When attacking WPA/WPA2‑PSK Wi‑Fi networks, you don’t need to crack the Wi‑Fi password directly from the air. Instead, you capture a cryptographic exchange called the 4‑Way Handshake and then attempt to crack it offline.
The problem?
- The handshake is only transmitted when a client connects or reconnects to the access point (AP).
- If no one is connecting… there is nothing to capture.
The deauthentication attack solves this by forcibly disconnecting clients, causing them to reconnect and re‑transmit the handshake.

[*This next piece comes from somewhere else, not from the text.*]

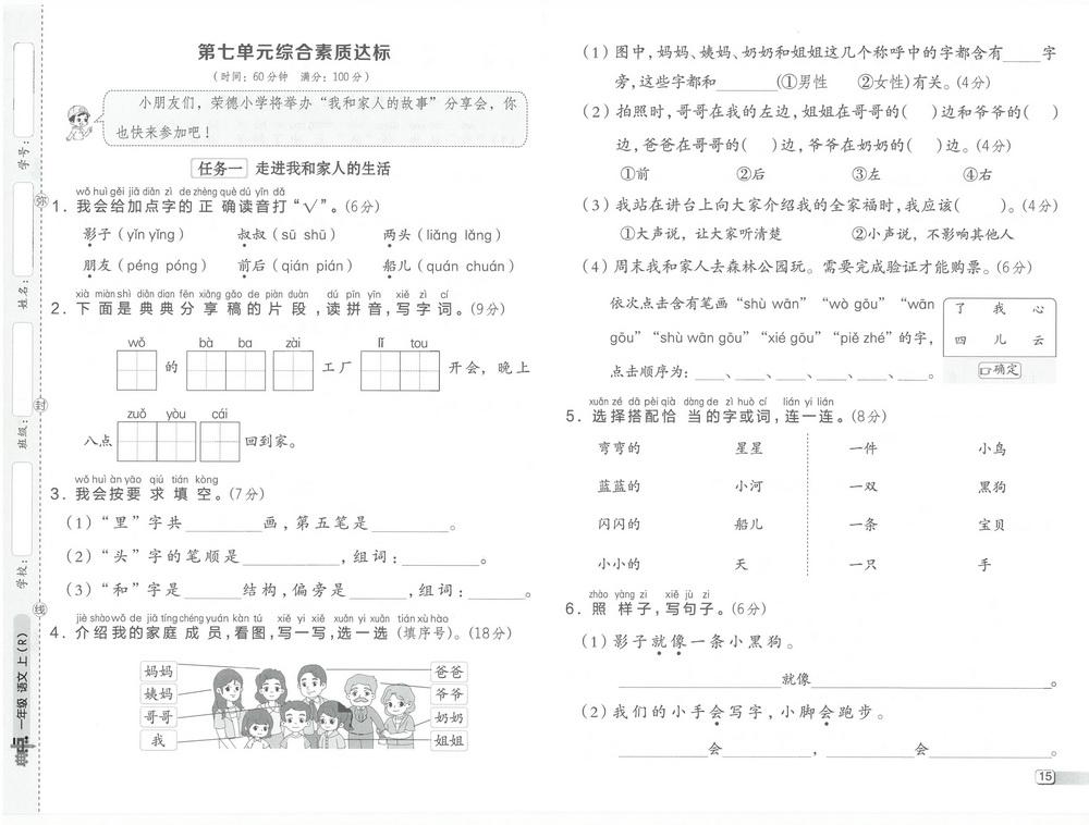 新教材人教版一年级上册语文第七单元测试卷一
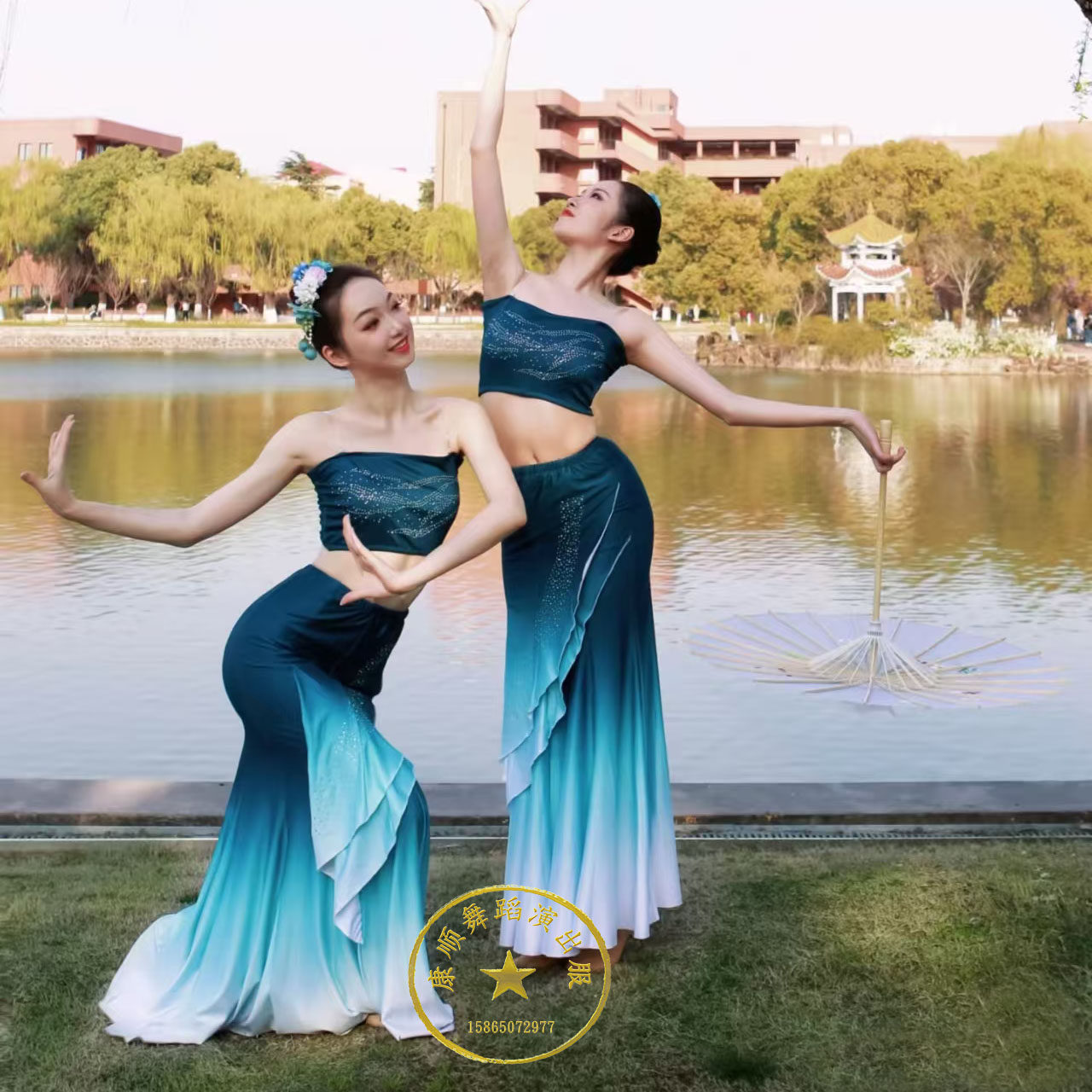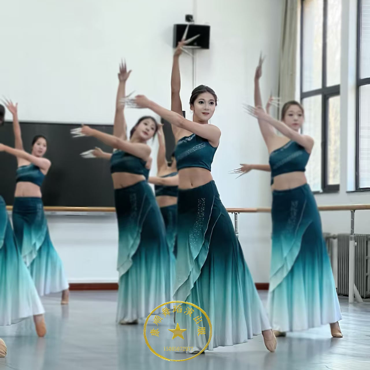 新款成人傣族舞蹈服装彩云之南孔雀舞演出服修身包臀练习艺考伞舞

2. Key Concepts You Need to Understand First
Before diving into the attack, let’s break down the core Wi‑Fi concepts involved.
2.1 Access Point (AP)
The Access Point is the Wi‑Fi router. It:
- Broadcasts the network name (SSID)
- Authenticates clients
- Manages encryption keys
Each AP has a unique BSSID, which is its MAC address.
2.2 Client (Station)
A client (STA) is any device connected to Wi‑Fi:
- Laptop
- Phone
- IoT device
Each client also has a MAC address.
2.3 WPA/WPA2‑PSK Encryption Model
In WPA/WPA2‑PSK (pre‑shared key):
- The Wi‑Fi password is never sent over the air
- Both client and AP independently derive encryption keys from:
- SSID
- Wi‑Fi password
- Random nonces
The process that verifies both sides know the password is the 4‑Way Handshake.
3. The 4‑Way Handshake (Core of the Attack)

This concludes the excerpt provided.